DATASET RECORDS START

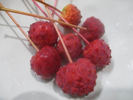 落下した実は、グニャグニャで気味が悪いので、枝に付いている赤いのがいいです。ヤマボウシは背が高いので、枝まで届きにくいですが…。
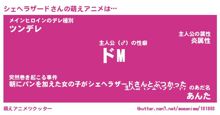 | 男性向けラノベタイトル風あだ名 | 『シェヘラザードの憂鬱』 |
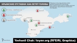 Точкові зміни у кримській владі почалися на початку цього року. Але восени процес активізувався, на півострові почалися масові відставки. Свої пости стрімко залишають голови адміністрацій регіонів та кримські міністри.
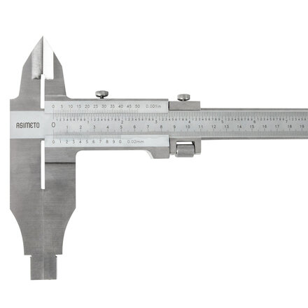 Штангенциркуль нониусный ASIMETO 0302-12-02 серии 302 из нержавеющей стали с губками для внутренних и наружных замеров. Предназначен для измерения линейных размеров малогабаритных деталей.
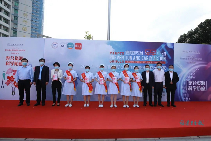 4月15日上午,2022年福建省肿瘤防治宣传周暨肿瘤防治专家入驻新福建“健康大使”项目启动仪式在福建省肿瘤医院举行。

DATASET RECORDS END

> **EXERCISE AIM**
What you return must match the entries above exactly, apart from the pictures, which are left out.

> **EXPECTED ANSWER**
 落下した実は、グニャグニャで気味が悪いので、枝に付いている赤いのがいいです。ヤマボウシは背が高いので、枝まで届きにくいですが…。
 | 男性向けラノベタイトル風あだ名 | 『シェヘラザードの憂鬱』 |
 Точкові зміни у кримській владі почалися на початку цього року. Але восени процес активізувався, на півострові почалися масові відставки. Свої пости стрімко залишають голови адміністрацій регіонів та кримські міністри.
 Штангенциркуль нониусный ASIMETO 0302-12-02 серии 302 из нержавеющей стали с губками для внутренних и наружных замеров. Предназначен для измерения линейных размеров малогабаритных деталей.
 4月15日上午,2022年福建省肿瘤防治宣传周暨肿瘤防治专家入驻新福建“健康大使”项目启动仪式在福建省肿瘤医院举行。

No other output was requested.